The underlying values at the heart of community education are that education:
Community education providers should encourage:
Appendix 2
The Context of Adult Literacy Education in Scotland
Unlike many other European countries, universal literacy was a focus of Church and State attention in Scotland from the 17th century. The Calvinist Church's aspiration for all to have access to the Word of God led to legislation requiring the provision of a schoolmaster in every parish at the landowner's expense. As a result, shortly before the Education Acts of the late 19th century introduced compulsory schooling, only 11% of Scottish men and 21% of Scottish women could not sign their names on public documents, compared with 30% of men and 41% of women in England and Wales. Although the education system was not in practice universal and being literate as an adult is not an inevitable outcome of being educated as a child, by the 19th century it had become a source of shame to be unable to read the Bible in the Kirk.
Adult Literacy emerged as a field of adult education in Britain through the BBC's 'On the Move' Campaign in the early 1970s. At that time the task was seen as a single, one off intervention to address 'illiteracy' amongst an estimated 9 million British adults with a reading age below nine. People responding to the TV programmes were matched up with volunteers, frequently meeting in the learnerís home in privacy and using materials based on primary school approaches to reading. The Scottish Adult Literacy Agency worked to secure what they described as 'well established and thriving adult literacy schemes' in virtually all regions. By 1983 there were 17,850 literacy students in Scotland, mainly learning 1:1 with a volunteer tutor in the home or a local centre in programmes organised by local authoritiesí Community Education Services.

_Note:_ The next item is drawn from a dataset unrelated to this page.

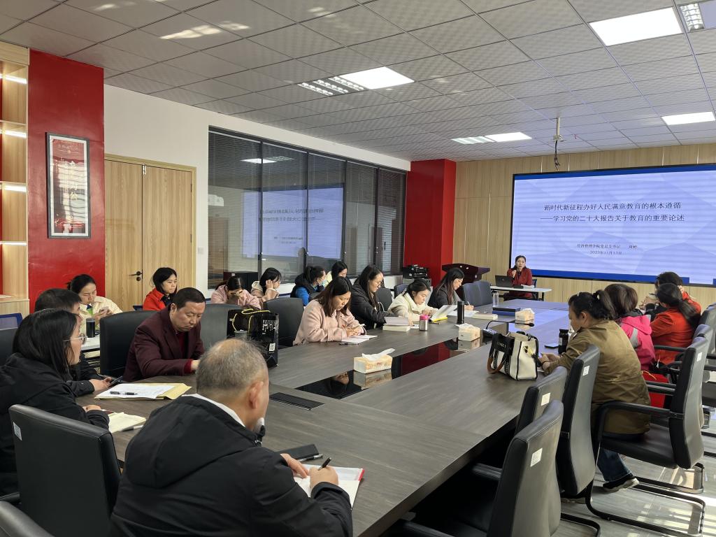 会上,周婷书记紧扣新时代我国教育发展取得的历史性成就、新时代新征程办好人民满意教育的整体思路、新时代新征程办好人民满意教育的重点任务等几个方面,进行了系统宣讲和深入阐释,对于党的二十大报告关于教育的重要论述进行了深入浅出的解读,为大家上了一堂生动而深刻的专题党课。会上指出,党的十八大以来,我国深入贯彻以人民为中心的发展思想,在幼有所育、学有所教、劳有所得、病有所医、老有所养、住有所居、弱有所扶上持续用力,人民生活全方位改善。教育、科技、人才是全面建设社会主义现代化国家的基础性、战略性支撑。当前,我国进入了全面建设社会主义现代化国家、向第二个百年奋斗目标进军的新征程。我们比历史上任何时期都更加接近实现中华民族伟大复兴的宏伟目标,也比历史上任何时期都更加渴求人才。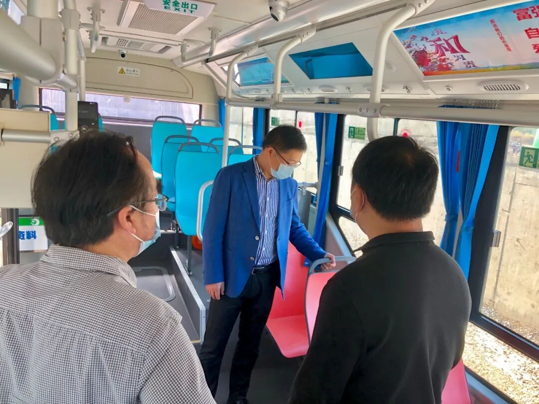 临高公交董事长林先湖简要汇报企业目前规模和公交车辆日常运营状况,重点介绍了公交车司机行为识别系统,该系统通过实时监控驾驶员的精神状态,能够有效减少安全事故的发生。临高公交总经理贺正华指出,疫情防控期间临高公交严格执行公交一趟一消杀、司机上岗前登记体温信息、乘客必须全程佩戴口罩等要求,全面保障公交安全运行。

The Agency was succeeded by the Scottish Adult Literacy Unit and then by the Scottish Adult Basic Education Unit (SABEU). The use of the term 'ABE' signalled an intention to move away from a literacy only curriculum to include other areas. Some Councils developed English as a Second Language provision within ABE, others made no distinct ESL provision and some developed ESL as a completely separate programme.
In the early 1980s SABEU tried to move away from the individualised, remedial model of the early literacy campaign by defining ABE as a broad range of essential adult learning including life management, confidence building, learning about health issues and learning for democratic participation. However SABEU reported that although all Scottish Councils made some ABE provision, "some areas have barely developed from offering basic help with reading, writing and numeracy, while others (generally with the benefit of outside funding) have evolved more comprehensive services, covering a wide range of learning". In 1987 research found that 1 in 10 adults felt they had difficulties and they were more concerned about writing and spelling than reading.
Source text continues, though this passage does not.